» **Required work**
What you write must be the lines from the one holding "Sun beams filtering through giant Sequoias" through the final line of the records below, reproduced exactly, minus the pictures.

-------- Data under study

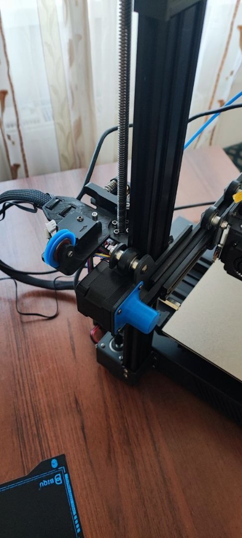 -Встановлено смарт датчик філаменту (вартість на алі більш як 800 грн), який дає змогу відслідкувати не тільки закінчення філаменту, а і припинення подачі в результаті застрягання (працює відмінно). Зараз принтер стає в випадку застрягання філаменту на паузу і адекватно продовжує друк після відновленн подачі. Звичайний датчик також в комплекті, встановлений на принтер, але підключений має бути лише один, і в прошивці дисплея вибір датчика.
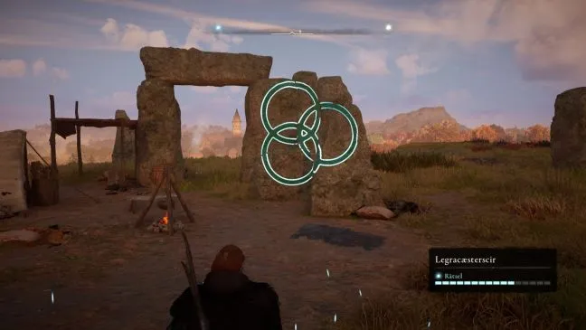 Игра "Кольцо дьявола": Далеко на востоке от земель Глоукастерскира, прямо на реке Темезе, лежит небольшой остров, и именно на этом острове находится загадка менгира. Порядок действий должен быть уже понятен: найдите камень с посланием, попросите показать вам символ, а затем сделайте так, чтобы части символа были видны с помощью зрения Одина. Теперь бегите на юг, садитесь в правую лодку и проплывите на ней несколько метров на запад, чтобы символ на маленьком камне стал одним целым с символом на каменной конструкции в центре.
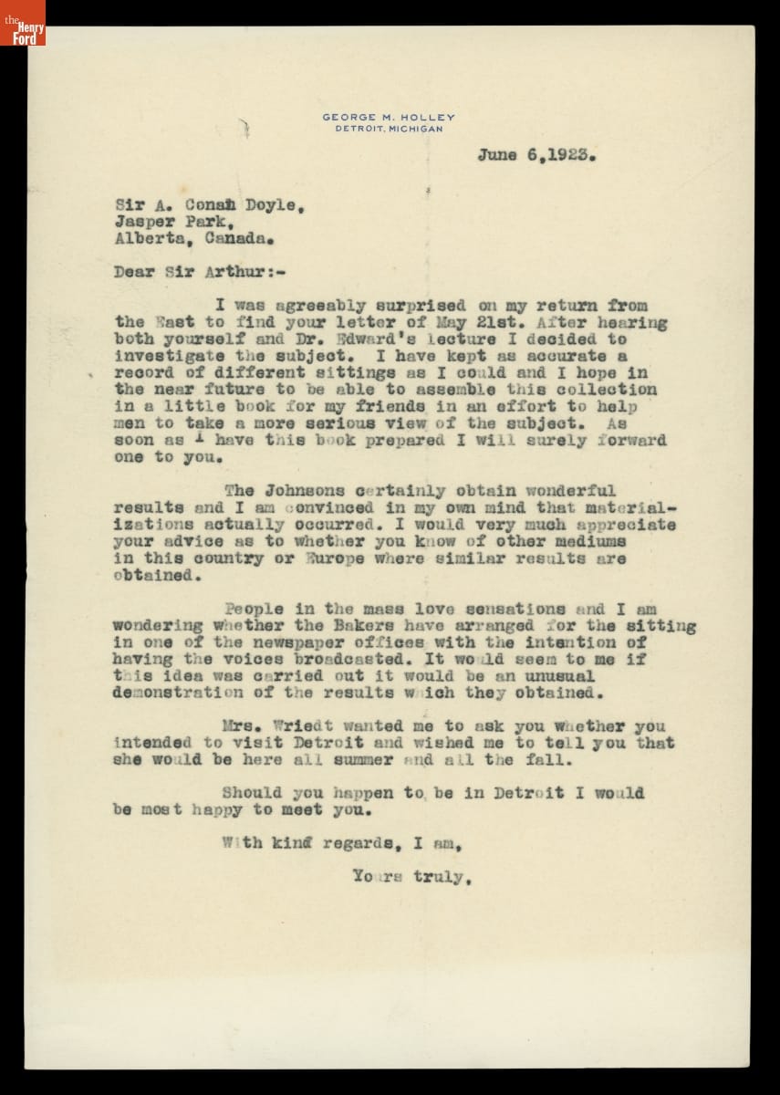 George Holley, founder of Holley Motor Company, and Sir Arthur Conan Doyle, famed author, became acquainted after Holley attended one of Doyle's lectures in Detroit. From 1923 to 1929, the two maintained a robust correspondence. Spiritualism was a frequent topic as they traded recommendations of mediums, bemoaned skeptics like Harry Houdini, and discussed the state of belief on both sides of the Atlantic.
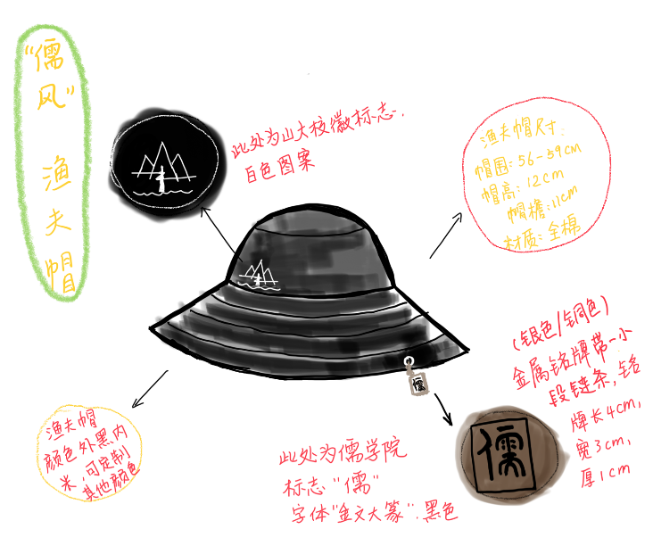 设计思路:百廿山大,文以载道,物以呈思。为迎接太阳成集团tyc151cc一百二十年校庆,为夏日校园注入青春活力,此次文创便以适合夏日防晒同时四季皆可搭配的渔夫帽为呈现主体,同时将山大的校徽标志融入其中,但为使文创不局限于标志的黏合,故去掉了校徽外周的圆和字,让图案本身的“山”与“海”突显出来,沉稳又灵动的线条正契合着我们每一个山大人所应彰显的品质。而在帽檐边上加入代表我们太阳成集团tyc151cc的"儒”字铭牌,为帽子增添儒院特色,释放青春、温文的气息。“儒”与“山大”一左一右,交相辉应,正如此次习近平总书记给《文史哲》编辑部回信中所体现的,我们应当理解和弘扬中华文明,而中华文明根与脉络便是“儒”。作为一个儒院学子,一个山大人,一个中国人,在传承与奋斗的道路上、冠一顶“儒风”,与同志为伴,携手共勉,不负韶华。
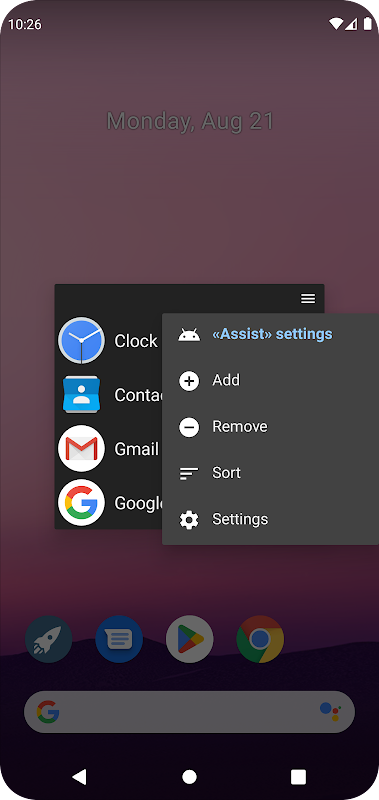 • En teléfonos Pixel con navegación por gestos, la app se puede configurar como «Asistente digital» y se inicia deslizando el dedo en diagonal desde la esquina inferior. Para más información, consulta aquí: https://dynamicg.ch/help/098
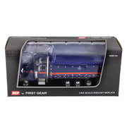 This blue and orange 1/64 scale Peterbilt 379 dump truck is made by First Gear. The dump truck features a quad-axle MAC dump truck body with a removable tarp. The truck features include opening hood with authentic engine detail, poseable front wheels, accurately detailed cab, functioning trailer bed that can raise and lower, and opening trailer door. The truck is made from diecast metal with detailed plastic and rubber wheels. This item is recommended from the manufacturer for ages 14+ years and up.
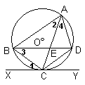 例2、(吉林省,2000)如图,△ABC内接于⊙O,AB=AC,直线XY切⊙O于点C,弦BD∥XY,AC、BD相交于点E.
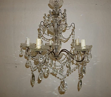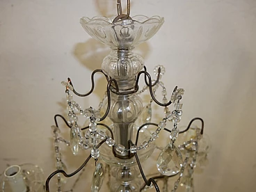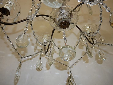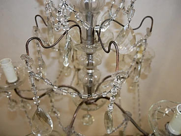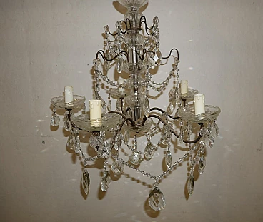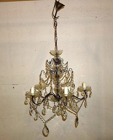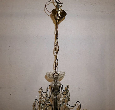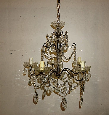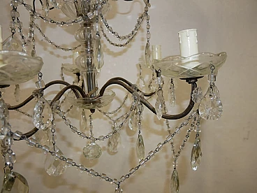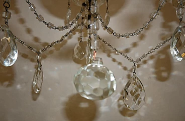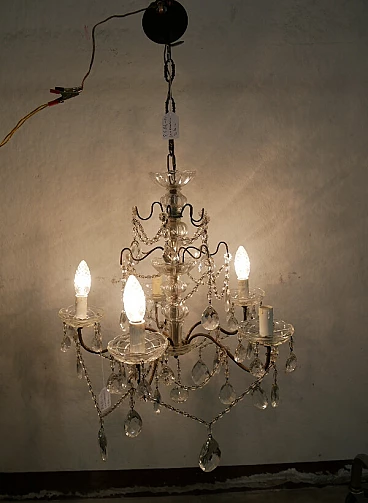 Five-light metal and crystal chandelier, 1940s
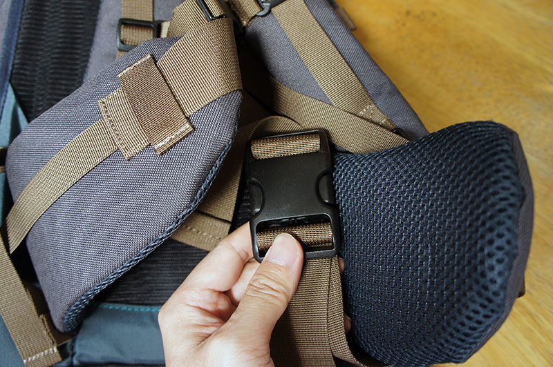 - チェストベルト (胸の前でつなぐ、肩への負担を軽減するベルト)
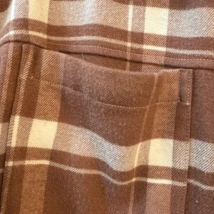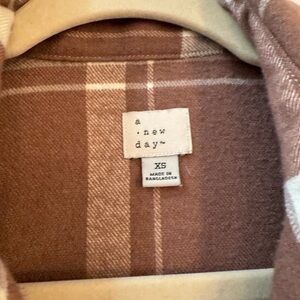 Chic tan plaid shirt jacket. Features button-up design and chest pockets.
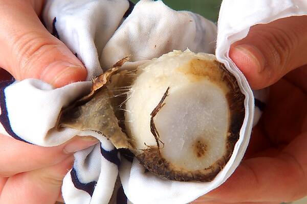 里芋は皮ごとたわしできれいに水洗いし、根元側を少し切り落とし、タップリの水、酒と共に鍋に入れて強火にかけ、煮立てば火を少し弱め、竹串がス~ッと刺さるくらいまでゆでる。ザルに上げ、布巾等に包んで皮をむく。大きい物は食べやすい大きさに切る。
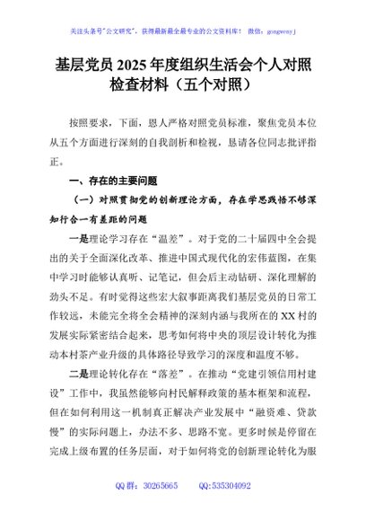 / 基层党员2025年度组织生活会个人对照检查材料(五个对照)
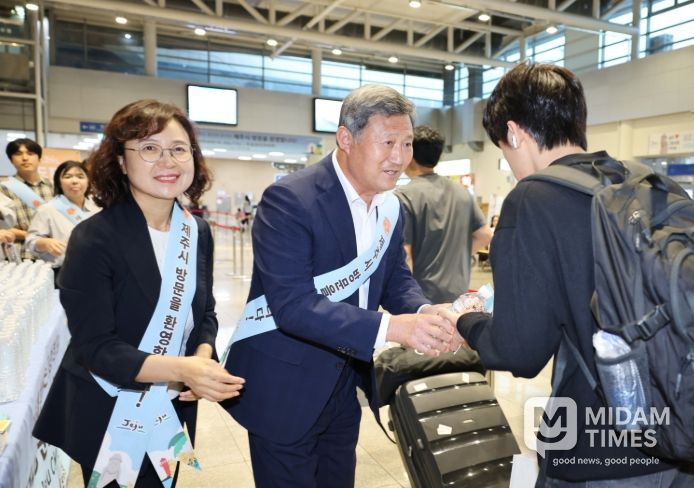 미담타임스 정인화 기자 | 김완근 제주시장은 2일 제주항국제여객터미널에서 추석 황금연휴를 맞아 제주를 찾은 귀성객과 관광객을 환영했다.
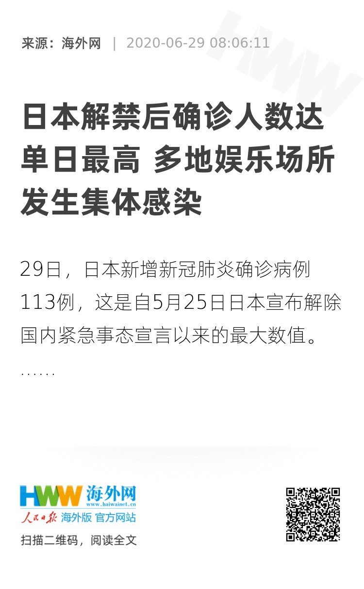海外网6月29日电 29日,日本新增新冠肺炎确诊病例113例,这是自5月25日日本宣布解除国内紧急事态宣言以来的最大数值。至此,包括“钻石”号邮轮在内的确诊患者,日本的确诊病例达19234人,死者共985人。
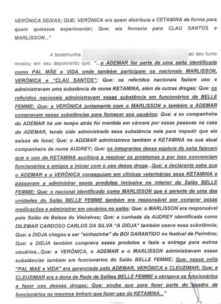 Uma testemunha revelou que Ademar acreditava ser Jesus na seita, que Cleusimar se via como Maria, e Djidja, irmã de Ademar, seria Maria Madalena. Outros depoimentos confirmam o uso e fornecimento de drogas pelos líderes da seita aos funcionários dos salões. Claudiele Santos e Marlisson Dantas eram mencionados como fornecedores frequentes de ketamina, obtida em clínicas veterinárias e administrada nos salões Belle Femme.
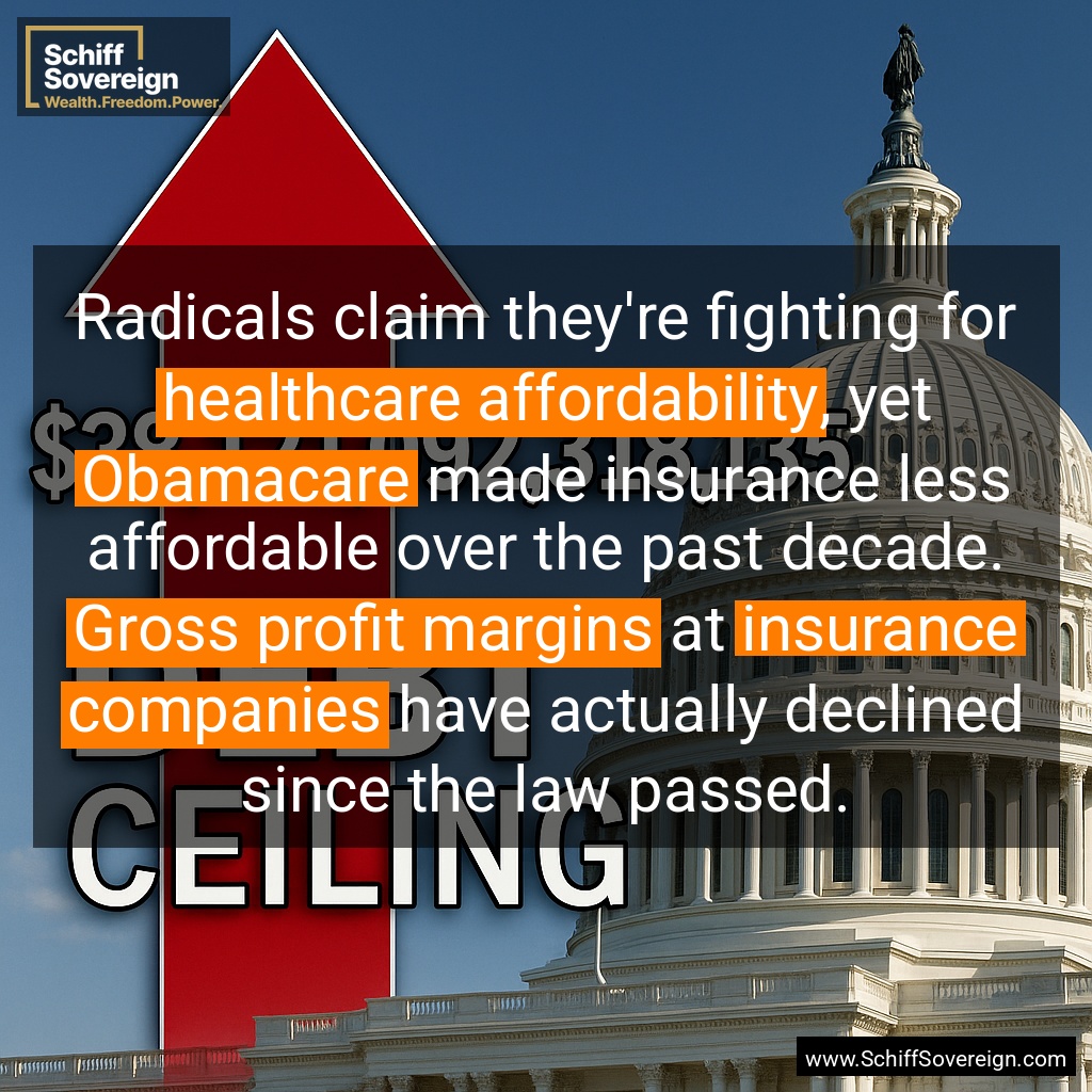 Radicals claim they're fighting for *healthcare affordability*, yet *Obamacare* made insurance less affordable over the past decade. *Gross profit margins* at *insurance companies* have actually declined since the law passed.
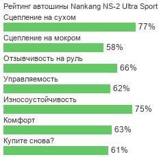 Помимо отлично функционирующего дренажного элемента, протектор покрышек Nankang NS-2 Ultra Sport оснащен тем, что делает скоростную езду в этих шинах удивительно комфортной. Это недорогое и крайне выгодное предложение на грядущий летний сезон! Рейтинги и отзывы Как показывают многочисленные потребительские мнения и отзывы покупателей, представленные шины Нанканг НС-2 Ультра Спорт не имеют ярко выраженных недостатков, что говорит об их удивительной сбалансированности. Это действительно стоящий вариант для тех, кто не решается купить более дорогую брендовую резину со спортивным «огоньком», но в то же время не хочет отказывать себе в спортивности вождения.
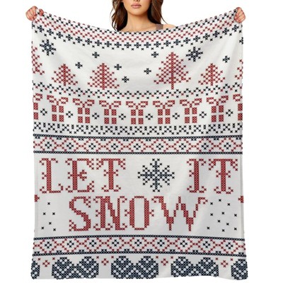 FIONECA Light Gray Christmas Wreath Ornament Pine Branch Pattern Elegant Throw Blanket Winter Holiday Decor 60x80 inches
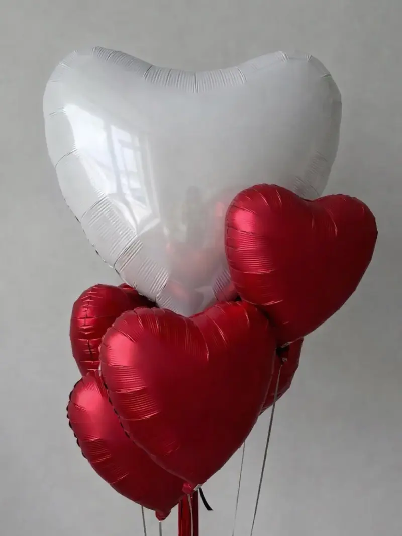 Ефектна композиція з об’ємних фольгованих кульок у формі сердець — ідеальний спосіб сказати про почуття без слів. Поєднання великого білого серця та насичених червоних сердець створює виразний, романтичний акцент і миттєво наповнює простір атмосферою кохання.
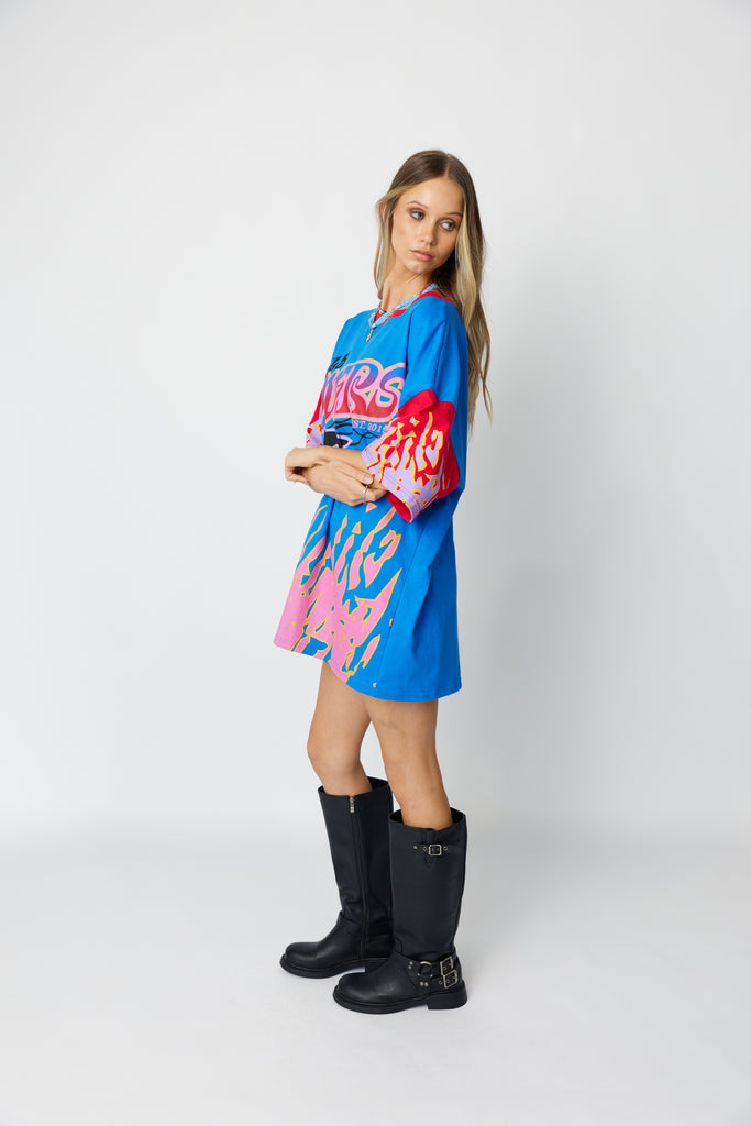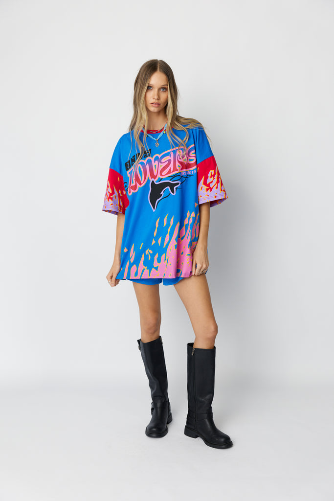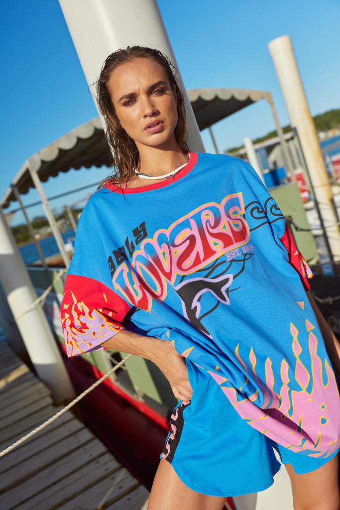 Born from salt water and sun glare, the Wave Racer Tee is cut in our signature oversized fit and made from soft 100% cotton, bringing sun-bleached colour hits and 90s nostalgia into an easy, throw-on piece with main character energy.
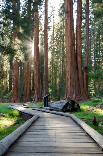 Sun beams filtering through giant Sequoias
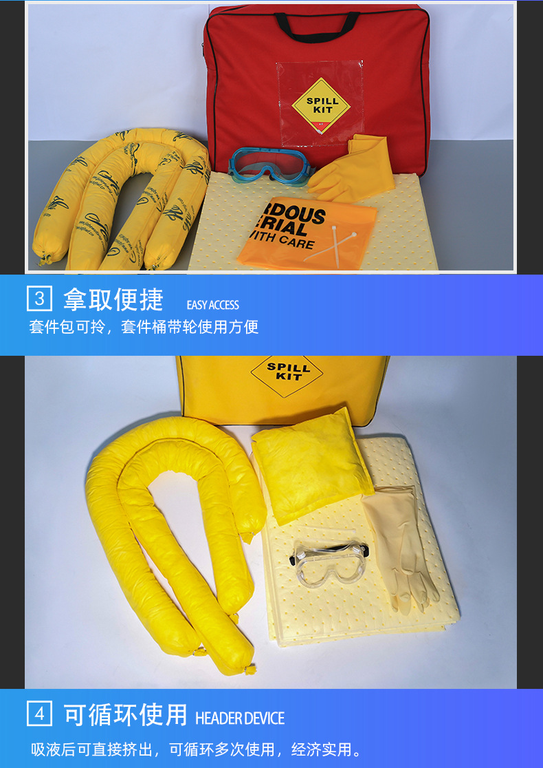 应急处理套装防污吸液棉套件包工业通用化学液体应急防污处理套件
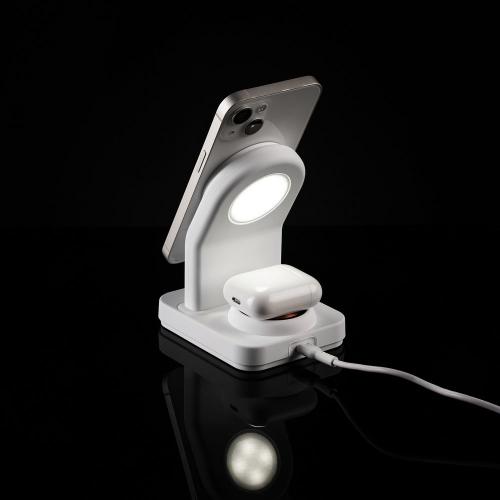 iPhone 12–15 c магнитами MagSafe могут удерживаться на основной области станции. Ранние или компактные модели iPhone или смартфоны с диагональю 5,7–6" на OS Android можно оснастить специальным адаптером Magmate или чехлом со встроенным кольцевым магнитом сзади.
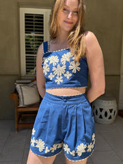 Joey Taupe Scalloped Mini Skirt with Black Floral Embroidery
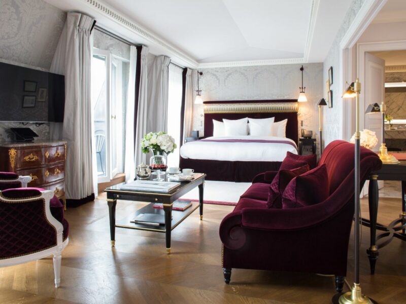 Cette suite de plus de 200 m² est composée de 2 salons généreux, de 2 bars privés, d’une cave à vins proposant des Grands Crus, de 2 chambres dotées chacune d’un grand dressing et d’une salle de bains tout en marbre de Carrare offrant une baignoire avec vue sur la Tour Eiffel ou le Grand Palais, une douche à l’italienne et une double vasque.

----------------

» **Task output**
 Sun beams filtering through giant Sequoias
 应急处理套装防污吸液棉套件包工业通用化学液体应急防污处理套件
 iPhone 12–15 c магнитами MagSafe могут удерживаться на основной области станции. Ранние или компактные модели iPhone или смартфоны с диагональю 5,7–6" на OS Android можно оснастить специальным адаптером Magmate или чехлом со встроенным кольцевым магнитом сзади.
 Joey Taupe Scalloped Mini Skirt with Black Floral Embroidery
 Cette suite de plus de 200 m² est composée de 2 salons généreux, de 2 bars privés, d’une cave à vins proposant des Grands Crus, de 2 chambres dotées chacune d’un grand dressing et d’une salle de bains tout en marbre de Carrare offrant une baignoire avec vue sur la Tour Eiffel ou le Grand Palais, une douche à l’italienne et une double vasque.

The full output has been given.